- [TASK DESCRIPTION] Write out every line below that contains "this".

- [MATERIAL TO PROCESS]
_____

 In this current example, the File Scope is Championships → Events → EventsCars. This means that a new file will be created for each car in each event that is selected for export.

_____

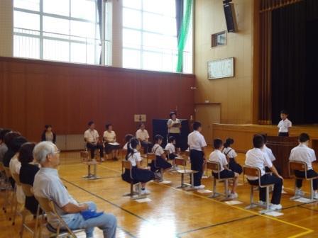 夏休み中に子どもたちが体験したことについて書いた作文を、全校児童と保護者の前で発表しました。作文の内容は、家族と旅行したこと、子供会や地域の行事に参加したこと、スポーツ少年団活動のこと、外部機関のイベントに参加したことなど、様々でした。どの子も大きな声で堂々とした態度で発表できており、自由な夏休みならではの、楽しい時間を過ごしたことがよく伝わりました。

_____

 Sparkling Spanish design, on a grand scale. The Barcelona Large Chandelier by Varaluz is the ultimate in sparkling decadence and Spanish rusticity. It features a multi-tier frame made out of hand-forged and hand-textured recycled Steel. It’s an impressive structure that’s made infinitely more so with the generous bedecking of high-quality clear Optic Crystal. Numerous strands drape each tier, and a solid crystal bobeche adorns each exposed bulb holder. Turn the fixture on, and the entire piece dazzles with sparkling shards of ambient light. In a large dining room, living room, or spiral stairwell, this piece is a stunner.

_____

- [TASK RESPONSE]
 In this current example, the File Scope is Championships → Events → EventsCars. This means that a new file will be created for each car in each event that is selected for export.
 Sparkling Spanish design, on a grand scale. The Barcelona Large Chandelier by Varaluz is the ultimate in sparkling decadence and Spanish rusticity. It features a multi-tier frame made out of hand-forged and hand-textured recycled Steel. It’s an impressive structure that’s made infinitely more so with the generous bedecking of high-quality clear Optic Crystal. Numerous strands drape each tier, and a solid crystal bobeche adorns each exposed bulb holder. Turn the fixture on, and the entire piece dazzles with sparkling shards of ambient light. In a large dining room, living room, or spiral stairwell, this piece is a stunner.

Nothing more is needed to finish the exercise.